For most if not all, that personal space is usually physical in nature. However, for me as the Deity of the Universe of Infinite, my personal space isn’t limited to the physical aspect only. Yes I detest skinship of many types more so PDA (see previous post). Don’t get me wrong, this Deity doesn’t want to be clubbed in with the OCD and neat freak perfectionists. On the contrary I have HTL for most things -High Tolerance Levels. As a Deity I know that it is next to impossible for my gigai not to physically interact with you beings. Therefore I have an almost non-existent physical personal space.

However, please don’t jump the gun and assume I am an extrovert. I have stratified zones that not even my HTL can accommodate for any intrusion. Following the Universal Law of Balance aka as Give and Take, where I am lacking in personal space I make up with it hundredfold in other areas. My next to nil PPS is replaced by my APS- Abstract Personal Space. In this case APS includes but not limited to Emotional, Intellectual, Spiritual and Moral spaces. Abstract because these spaces can’t be touched nor felt physically..

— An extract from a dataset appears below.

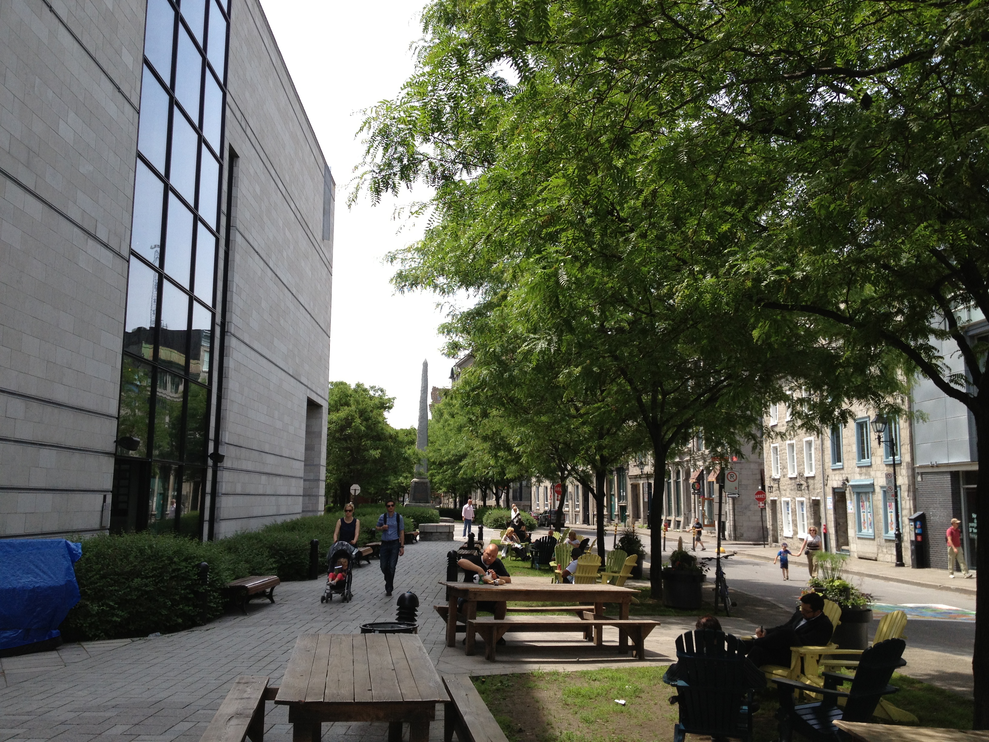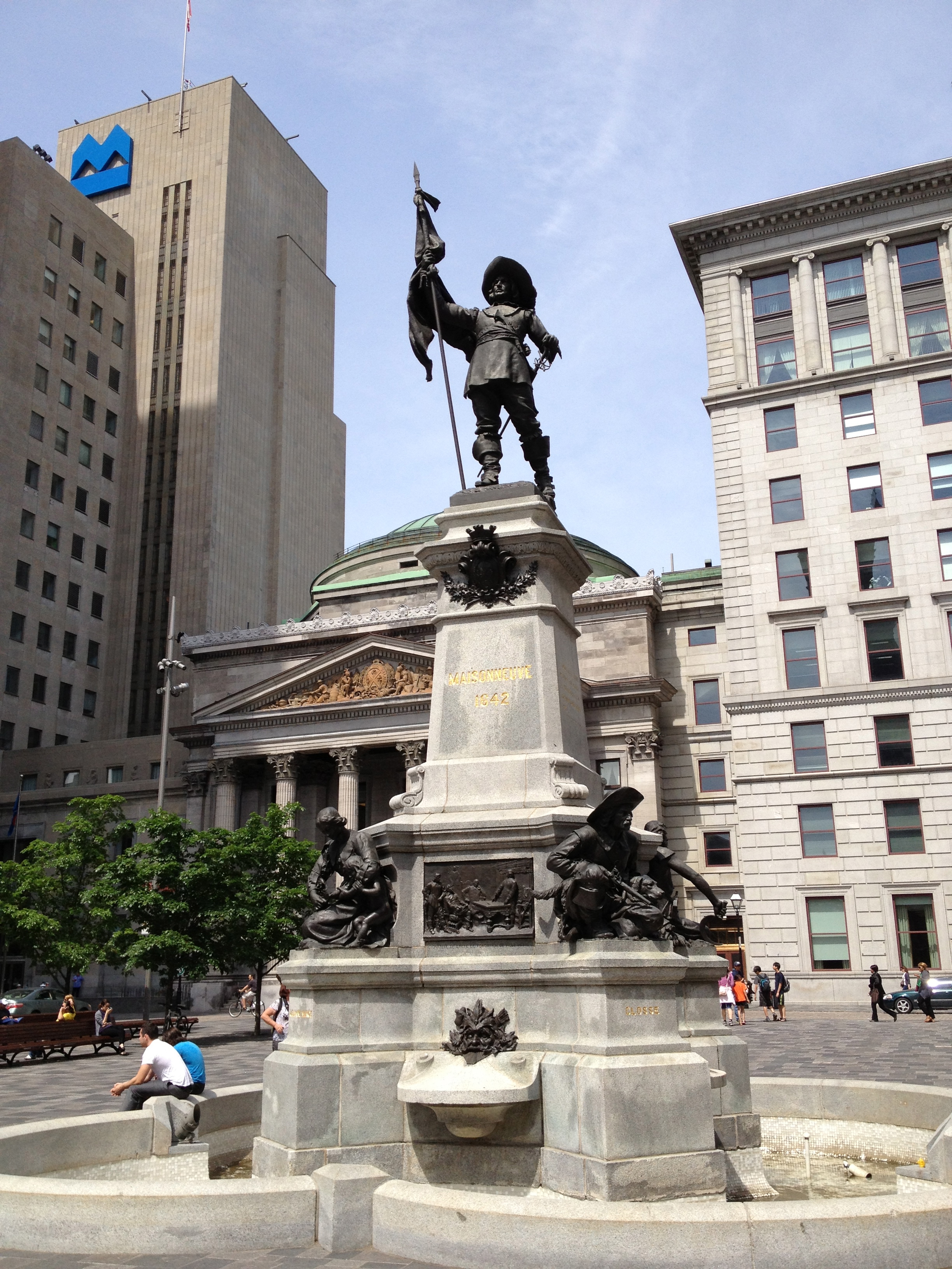 La rue St Paul serait la plus ancienne et pendant longtemps la principale artère commerciale; elle est bordée de boutiques et de galeries magnifiques – super art inuit entre autres-, installées dans des anciens immeubles de pierre – on y prépare déjà l’hiver à ce que je peux observer par le dépôt d’un tas de bûches dans un hôtel particulier. Elle mène à la Place Royale, ainsi nommée par l’explorateur Samuel de Champlain en 1611, qui souhaite y installer un poste pour la traite des fourrures mais dont les projets seront stoppés par les guerres entre les tribus amérindiennes. La Place Royale sera renommée Pointe-à-Callière et c’est ici que fut fondée Montréal en 1642, avec la colonie missionnaire de Paul de Chomedey et Jeanne Mance ainsi qu’une cinquantaine de pionniers arrivés de France. La visite du Musée Pointe-à-Callière sera très intéressante, il y aura aussi le Centre d’Histoire de Montréal – à côté du restaurant Gibby’s de Nestor et des anciens bureaux de Alain – et l’ancien Hôpital des Sœurs Grises, dont la place porte le nom de la fondatrice de cette communauté, la Mère d’Youville. Ce terre-plein tout en longueur est un endroit vert et paisible, un obélisque rend hommage aux fondateurs et premiers colons arrivés à Montréal. Voici un quartier dont je reviendrai visiter quelques musées.

My gigai is adept in extrapolation using scatter points available in any scenario. Today my rant and rave as Deity of the Universe of Infinite is going to touch on the Moral and Ethical Personal Space – MEPS.

Yes I get it, you are all proud of your lineage to a certain tribe. Wow! Yay! Hooray! If that’s the case then let me also tell you how special my gigai is I mean it is the only one that descended from Adam and Eve. Pshaw! Go eat a blade and hang. Don’t forcefeed me your baseless tribal pride. In one of my posts I mentioned having joined a new workplace. Well I found myself in an uncharted waters and though you humans say, when you go to Romania do as the Romanians do (or something like that); I disagree.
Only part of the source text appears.